# Anyone use Final Approach Full Body Canadians?



## VarmintKevin (Nov 24, 2005)

Hey guys, I may be in for a great deal on some Final Approach Full bodies. Though first, I want your opinions. Please be brutally honest and let me know everything you know, like or dont like about them. Thanks and hope to get some responses soon! -Kevin


----------



## Rauchj (Oct 5, 2005)

My buddy's and I got a good deal on some as well and we got 5 dozen. I think they look great but they do have a couple of problems. For one the heads are a pain to get on. As for the greeters and sentry's once you get the heads on they're not coming off, but the feeders are a different story. Once you do finally get them on, we had problems with them coming off throughout the season. Legs attach fairly easy.....
Overall though, if you get a good deal on them, I think they're a good looking decoy.


----------



## TWEET SD (May 11, 2005)

they weigh 300 pounds apiece


----------



## GooseBuster3 (Mar 1, 2002)

TWEET SD said:


> they weigh 300 pounds apiece


LMFAO! :lol:

Short and sweet right Tweeter?


----------



## Triple B (Mar 9, 2004)

we have a few, and i think they work great, except we've had a few problems with some if the heads breaking off at the attachment point, overall if you get a good deal on them, then they are worth it.


----------



## TWEET SD (May 11, 2005)

> Short and sweet right Tweeter?


like a jack coke :beer: uke:


----------



## VarmintKevin (Nov 24, 2005)

Can you feel the actual 3-d effect of the feather molding, or is it just painted onto a flat surface?


----------



## BrdHunter (May 17, 2005)

yes they have a texture. If you get a good deal on them go for it.


----------



## TWEET SD (May 11, 2005)

I don't have a lot of experience with them but from what I remember the "texturing", or what have you, was nothing compared to say the GHG fullbodies. It seemed more like painting from what I remember. Correct me if I'm completely wrong though.


----------



## bratlabs (Mar 11, 2005)

FA's customer services rocks, so Id say get'em.


----------



## honkbuster3 (Jan 11, 2006)

I haven't used them personally but I have a buddy that used them and he said that if you get them rained on a lot then the paint comes off and there ddone forever. They are not great, but will work in dry weather hunting :beer:


----------



## VarmintKevin (Nov 24, 2005)

Well there are good things and some bad things. Decisions Decisions!! I personally think they look alright and would be a good investment. Around here we dont hunt in the pouring rain, just sprinkles on most cloudy days. I hope that will be alright. Any more input guys? Thanks for all that I have gotten so far!


----------



## Big Ches (Feb 18, 2006)

I say you get 'em ya hillbilly and I'll show you how to call and kill them geese son! And quit running over them red squirrels damnit! I'm definitely in on some of those shells too. Talk to ya in the next day or so.


----------



## goosebusters (Jan 12, 2006)

I can't get over how goofy their heads look. They are way to small for their bodies. Also their bodies are proportionally too long. Their feet are located right in the middle of this long body. All together it doesn't look at all anatomically correct. We used a couple dozen last year. My friends loved them I couldn't get past how goofy they look. They worked good for geese though I can't deny that. If you do your calculations though you will find that Avery's are cheaper.
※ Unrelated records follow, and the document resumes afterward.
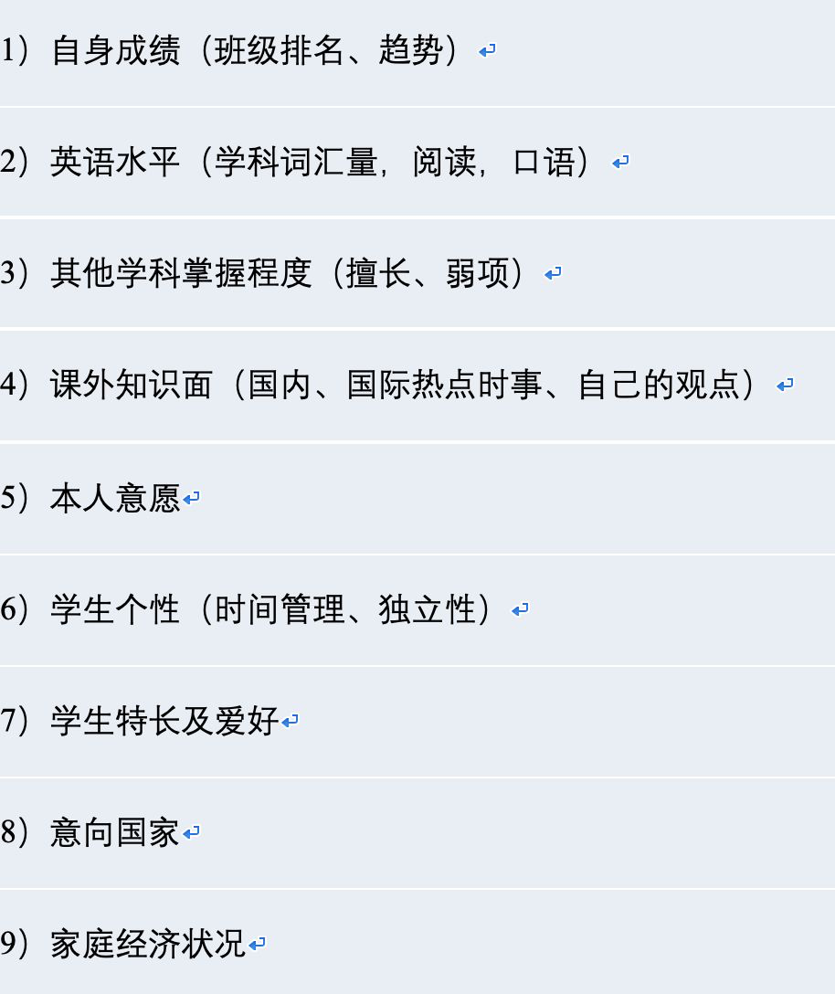 其实想要有明确的目标,就要多多了解自己,多问自己一些问题、多思考多总结、时时调整,因为随着自己的成长,原来明确的目标还有可能变化。我们给同学们列出了一些常见的了解自我的维度,其实这些维度也是各学校的 申请材料 和面试的问题题目。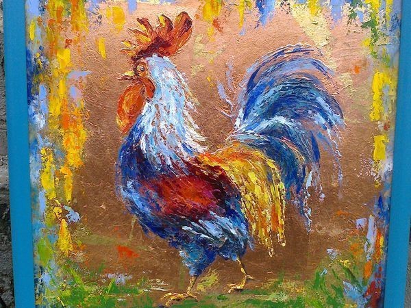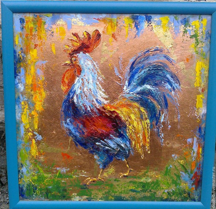 На этом рисунок закончен, оставляем сохнуть, где нибудь у источника тепла, например батареии, я положила на газовый котел. Петушок сох примерно 5 дней, когда высох, покрыла домарным лаком, оставила на ночь, он сохнет быстро. На следующий день унесла в багетную мастерскую, подобрала багет в тон картины.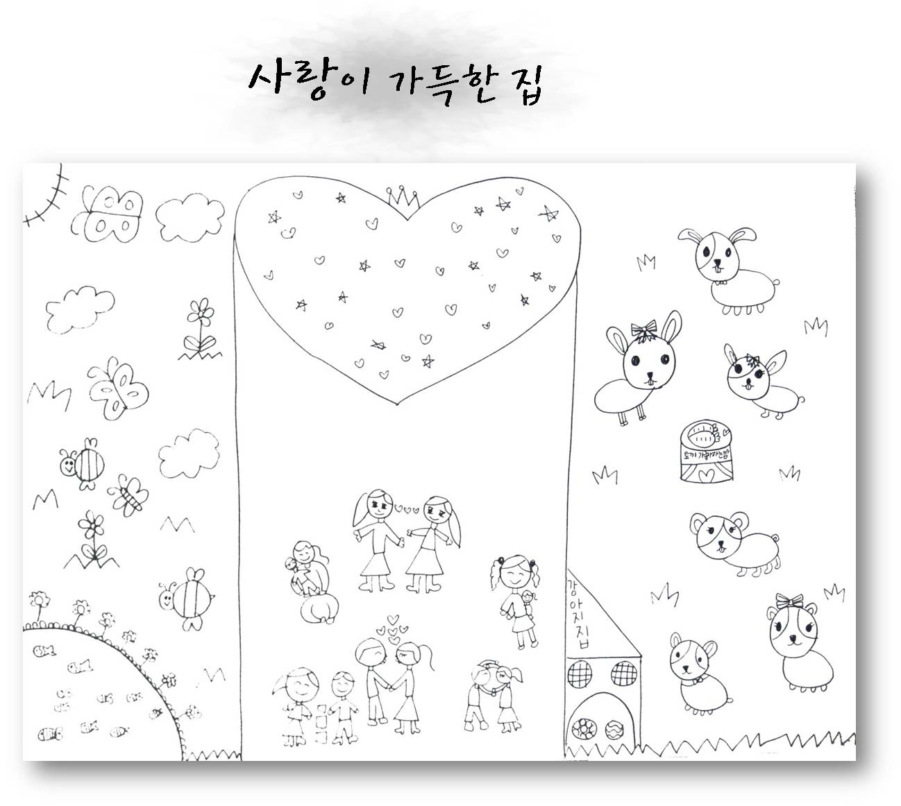 "사랑이 가득한 집이 되려면 집에 있는 사람들이 행복해야 해!" “서로가 좋아하는 마음이 있으면 사랑이 가득한 집을 만들 수 있어. 그런데 좋아하는 마음은 표현해야지 알 수 있어. 업어주고, 안아주고, 도와주고, 뽀뽀해 주는 것처럼 말이야.” “귀여운 동물들과 함께 살면 사랑이 더 넘쳐나게 될 거야. 그런 집에 살면 동물들도 행복하겠지?” “이런 집에 있다면 하트가 마구 생겨나는 기분이 들 것 같아.”

We did have a really cool day hunting near town. We had a great day hunting shot two geese out of the first flock, then a single came in. It gave some clucks a long ways out so we ducked into the standing flax we were hiding in. It came in silently and after a couple minutes of no noise we looked up and it was feeding right along side a feeder Final Approach decoy. It could have been an advertisement for these decoys. 'Twas a shame to have to put that goose down. That day finished off with a pair of giants coming in and I doubled, taking both of them with one shot. I only had a single shot for that whole hunt because my Benelli was acting up. We still managed to all limit out.


----------



## VarmintKevin (Nov 24, 2005)

Yeah, I have done calculations the whole week on every decoy deal. Yes you are definently right in the sense that greenheads would be cheaper, but I'm getting these final aproach full bodies for $200 a dozen brand new flocked! Doing your homework is definently a good thing.


----------



## goosebusters (Jan 12, 2006)

You better take that deal or I will come beat you up. :lol: At those prices it doesn't even matter what people say about them I would buy them anyways. Good find!


----------



## VarmintKevin (Nov 24, 2005)

Yeah, I have done calculations the whole week on every decoy deal. Yes you are definently right in the sense that greenheads would be cheaper, but I'm getting these final aproach full bodies for $200 a dozen brand new flocked! Doing your homework is definently a good thing.


----------



## VarmintKevin (Nov 24, 2005)

Sorry it double posted that. Yeah I am excited that its a great deal, but heres the deal. I am getting a total of 6.5 dozen from the guy. I only want 5! So I am buying all of them and paying the damn $211 in shipping to get them here. Yeah do the math and thats a huge number! If anyone wants the dozen and a half, I might be able to sell them to ya. If i don't decide to keep all of them, which is most likely whats going to happen. I'm proud of myself for doing my homework!


----------



## goosebusters (Jan 12, 2006)

Wow you are really updating the spread. When you decide which ones you are going to sell (feeders or sentries, etc.) post it up and I will talk to the goosebusters about maybe buying them.


----------



## VarmintKevin (Nov 24, 2005)

Alright. I'm not updating my spread, I am making my spread! All my life I lived by deer, turkey, rabbit and coyote hunting, this past year was my first year for waterfowl. Hunted hard all season and finally shot my first banded Canada 2 days before season ended! Another kid in our group also shot a band, total of 14 geese that day, 7 guys= limit!! Goosebuster, would you pay the shipping or look for a better deal. The way I look at it is that I am getting a killer deal and if I let this one go, I myself should be killed! what do you think?


----------



## goosebusters (Jan 12, 2006)

You need to buy those decoys no matter what. You will only make money on this deal. If you must you can sell them on ebay for $300 a dozen. That is the price they go for. What do you want for this dozen and a half? Do you only want the price of shipping that you are paying?


----------



## VarmintKevin (Nov 24, 2005)

I'm not sure how much I want for them yet, or if I am definently getting rid of them. I am just saying it's very likely. Yeah you're right that I need to buy these dekes no matter what, I think they are an awesome looking decoy. What all decoys do you and the goosebusters use? -Kev


----------



## goosebusters (Jan 12, 2006)

Well we have a lot of Bigfoots from when they were the only full body to buy. I flocked the heads on all of them. We also have some Final Approach that we got a good deal on. Right now though we are only buying Avery's because they keep having sales on them at Cabelas. I got a bunch around Christmas for $200. We only buy feeders and lookers. I will talk to you about those final approach decoys in the future. Sorry I got to go though.


----------



## hoosier dhr (Jul 24, 2003)

Well i got some FA's and took one out and beat the crap out of it and sprayed it with water and left it outside to freeze and it seems to still be like new.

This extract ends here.